**Work to be completed**
Go line by line through the entries below and copy those containing the string "Figure".

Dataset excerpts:
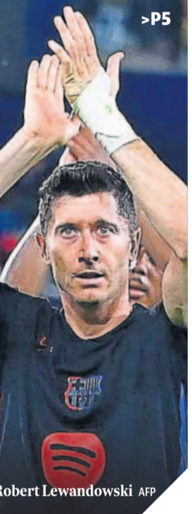
Robert Lewandowski
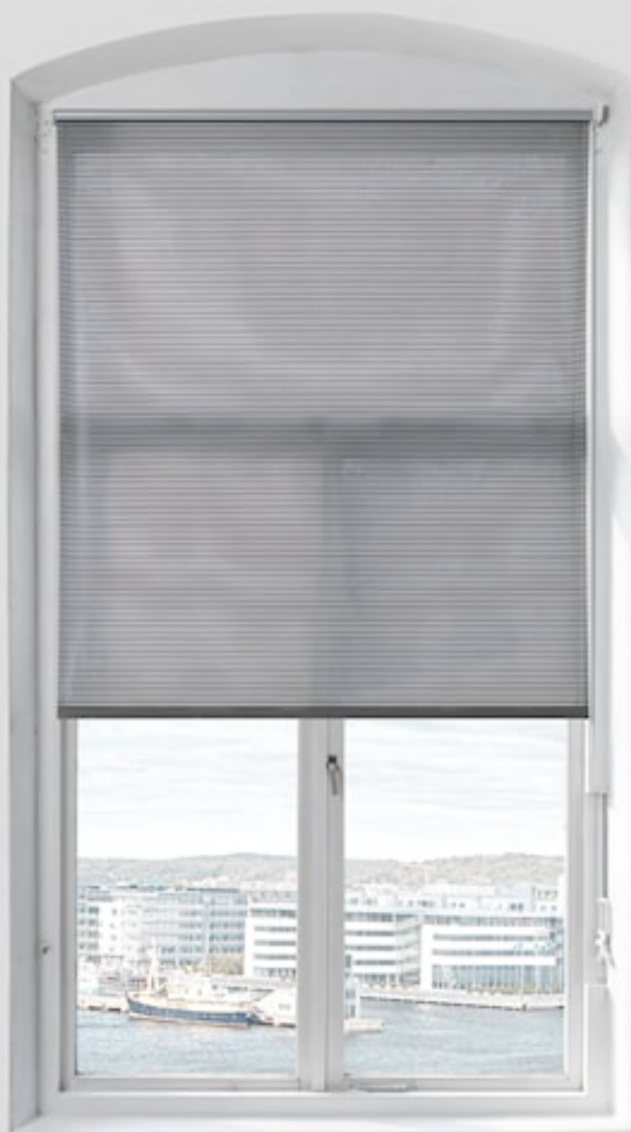
VOLT Hanging fabrics
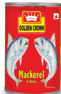
Mackerel in brine 400 g
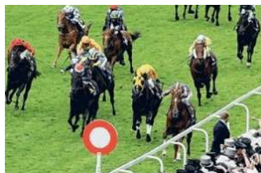
Starspangledbanner (rail)
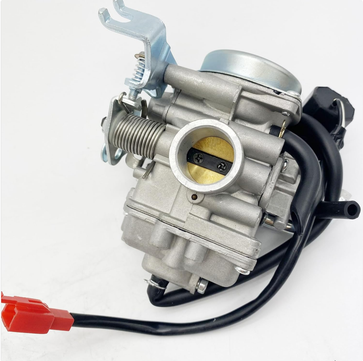
Figure 3: View of the carburetor's air intake side. The air/fuel mixture screw is typically located near the base of the carburetor, often on the engine side of the throttle plate.
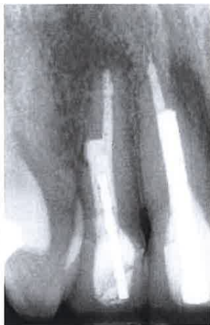
Figure 6. Recall radiograph at one year.

placement at a follow-up appointment (Figure 5).
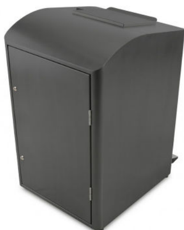
Rear door version
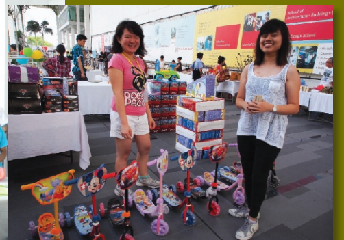
Ample room for product display
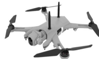
Teal Drones Teal 2 GSA Pricing: $15,073

Prices shown are rounded to the nearest whole dollar.
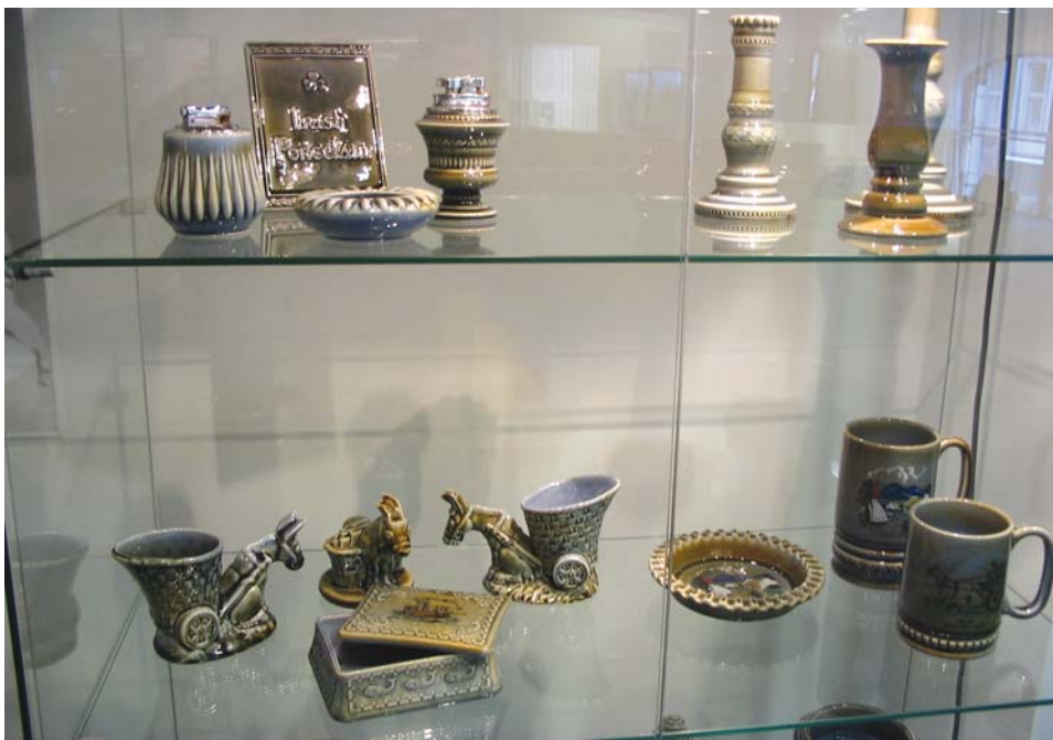
Installation view of exhibition 'Wade Ceramics: Irish Kitsch or Regional Vernacular?', Millennium Court Arts Centre, 2007

In a third example, my colleagues and I set forth to collaborate with a local historical society to present an exhibition within a framework of community curating. The project took place in 2007 and entailed an excavation of the local Wades ceramic factory, a cross-community oral archive of local people who worked there, and the production of new academic knowledge on Wades ceramics. The show was entitled: Wades Ceramics: Irish Kitsch or Regional Vernacular? (2007), which posited several unflattering dichotomies and provocative potential narratives. The show was in juxtaposition to a show on contemporary Irish craft. We often considered the dialogue between gallery spaces as much as more immediate discussions found within the exhibitions site. The public loved the shows and our numbers soared.
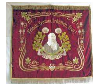
BANNER OF THE GYMNASIAC SOCIETY OF MALINNIK 1912 silk, satin weave, embroidery

The further part of the exhibition shows the main issues concerning history of the town from the second half of the nineteenth century until 1945: urban development, railway and municipal transport system, tourism, services, associations, sports and culture. Besides the keepsakes illustrating these issues
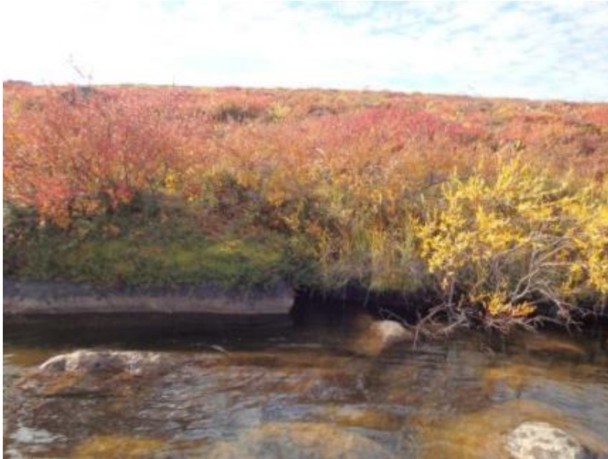
Photo B-114 Lake Ad8 Shoreline Facing East at 12W 535954E 7173293N, September 6, 2013
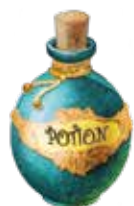
Magic Potion Turns metal into gold.
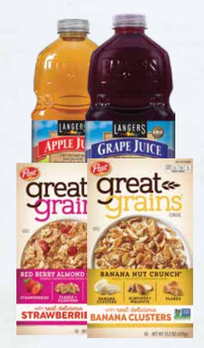
Langers Juice Selected Varieties. 64 oz. Bottle
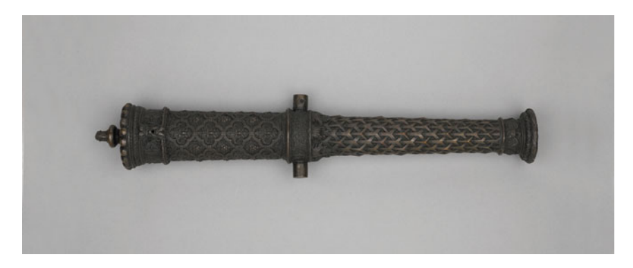
Figure 2. Giovanni da Sant'Ursula (designed); Vincenzo Grandi (possibly modeled and cast). Culverin Cannon . 1577. London, The Wallace Collection.

countryside inhabited by Pan and his retinue contrasted with the city's surroundings, riven by war and freshly demarcated along property lines. <sup>41</sup> Pan was no pacifist, however: his trademark panic not only inspired intellectual ecstasy, but it also represented martial disorder historically exploited by tacticians. <sup>42</sup> Indeed, Pan's bellicosity could be channeled into bronze, as in a sixteenth-century Paduan culverin cannon with a satyr-like mask for its vent (fig. 2). <sup>43</sup> When Riccio rendered a caprine man into a bronze statuette, material and subject were redirected toward peaceful aims. His artisanry implicitly recast the biblical adage of swords to plowshares as cannons to statues.
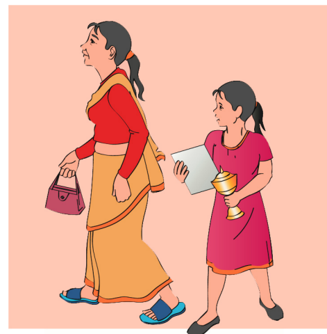
Breaking down the self- confidence of a child

**Final answer**
Figure 3: View of the carburetor's air intake side. The air/fuel mixture screw is typically located near the base of the carburetor, often on the engine side of the throttle plate.
Figure 6. Recall radiograph at one year.
placement at a follow-up appointment (Figure 5).
Figure 2. Giovanni da Sant'Ursula (designed); Vincenzo Grandi (possibly modeled and cast). Culverin Cannon . 1577. London, The Wallace Collection.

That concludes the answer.